So if there are two functions that block for 2 and 3 seconds respectively, I'd expect to get the result after 3 seconds. However, it really takes 5 seconds - ie it seems the functions are being executed in sequence and not in parallel. Am I doing something wrong?
edit: This is an example. The time taken is ~4000 milliseconds when I want it to be ~2000.
long start = System.currentTimeMillis();
Map<String, Supplier<String>> input = new HashMap<String, Supplier<String>>();
input.put("1", () -> {
try {
Thread.sleep(2000);
} catch (InterruptedException e) {
e.printStackTrace();
}
return "a";
});
input.put("2", () -> {
try {
Thread.sleep(2000);
} catch (InterruptedException e) {
e.printStackTrace();
}
return "b";
});
Map<String, String> results = input.keySet().parallelStream().collect(Collectors.toConcurrentMap(
key -> key,
key -> {
return input.get(key).get();
}));
System.out.println("Time: " + (System.currentTimeMillis() - start));
}
Doesn't make any difference if I iterate over the entrySet() instead of the keySet()

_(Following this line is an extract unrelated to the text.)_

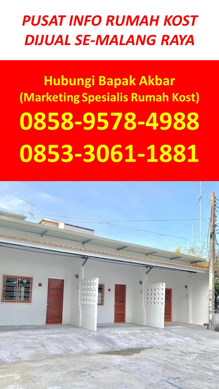 Bapak Akbar menyediakan beragam informasi tentang rumah kost dijual di Malang yang berada di kawasan strategis Dekat Universitas Brawijaya UB, Dekat Universitas Islam Negeri UIN Maulana Malik Ibrahim, Dekat Universitas Negeri UM, Dekat UPBJJ Universitas Terbuka, Dekat Universitas Gajayana UNIGA, Dekat Universitas Islam UNISMA, Dekat Universitas Kanjuruhan UNIKAMA, Dekat Universitas Kristen Cipta Wacana UKCW, Dekat Universitas Merdeka UNMER, Dekat Universitas Muhammadiyah UMM, Dekat Universitas Tribhuwana Tunggadewi UNITRI, Dekat Universitas Widyagama UWG, Dekat Universitas Wisnuwardhana, Dekat BINUS University, Dekat Politeknik Negeri POLINEMA, Dekat Politeknik Unisma, Dekat Politeknik Kota POLTEKOM, Dekat Politeknik Kesehatan Kementerian Kesehatan, Dekat Sekolah Tinggi Agama Islam Ma’had Aly Al-Hikam, Dekat Sekolah Tinggi Bahasa Asing, Dekat Sekolah Tinggi Filsafat Theologi STFT Widya Sasana, Dekat Sekolah Tinggi Teologi Salem, Dekat Sekolah Tinggi Teologi Satyabhakti, Dekat Sekolah Tinggi Ilmu Administrasi, Dekat STIE Indocakti, Dekat STIE Indonesia, Dekat STIE Kertanegara STIEKMA, Dekat STIE Koperasi STIEKOP, Dekat STIE kucecwara ABM, Dekat STIE Pemnas Indonesia, Dekat STIEKN Jaya Negara, Dekat STIKes Kendedes, Dekat Stikes Maharani, Dekat STIKES Widyagama Husada, Dekat Sekolah Tinggi Ilmu Hukum Sunan Giri, Dekat Sekolah Tinggi Informatika dan Komputer Indonesia STIKI, Dekat Sekolah Tinggi Pendidikan Agama Kristen STIPAK Duta Harapan, Dekat Sekolah Tinggi Ilmu Perikanan STIP, Dekat STISOSPOL Waskita Dharma, Dekat Sekolah Tinggi Pastoral IPI, Dekat STT Atlas Nusantara, Dekat STT Budi Utomo, Dekat STT, Dekat STT RRI, Dekat STMIK PPKIA Pradnya Paramita STIMATA, Dekat Akademi Analis Farmasi dan Makanan AKAFARMA Putra Indonesia, Dekat Akademi Analis Kesehatan, Dekat Akademi Farmasi AKFAR Putra Indonesia, Dekat Akademi Kebidanan Brawijaya Husada, Dekat Akademi Kebidanan Wira Husada Nusantara, Dekat Akademi Kebidanan Wijaya Kusuma, Dekat Akademi Keperawatan Panti Waluya, Dekat Akademi Pariwisata dan Perhotelan APARTEL Ganesha, Dekat Institut Teknologi Nasional ITN, Dekat IKIP Budi Utomo, Dekat Institut Pertanian, Dekat Institut Teknologi dan Bisnis Asia, Dekat Institut Teknologi Sains dan Kesehatan RS dr. Soepraoen Kesdam V

edit: changing the parallel part to the following also does not help:
Map<String, String> results = input.entrySet().parallelStream().map(entry -> {
return new ImmutablePair<String, String>(entry.getKey(), entry.getValue().get());
}).collect(Collectors.toConcurrentMap(Pair::getLeft, Pair::getRight));
When executing in parallel, there is overhead of decomposing the input set, creating tasks to represent the different portions of the calculation, distributing the actions across threads, waiting for results, combining results, etc. This is over and above the work of actually solving the problem. If a parallel framework were to always decompose problems down to a granularity of one element, for most problems, these overheads would overwhelm the actual computation and parallelism would result in a slower execution. So parallel frameworks have some latitude to decide how finely to decompose the input, and that's what's happening here.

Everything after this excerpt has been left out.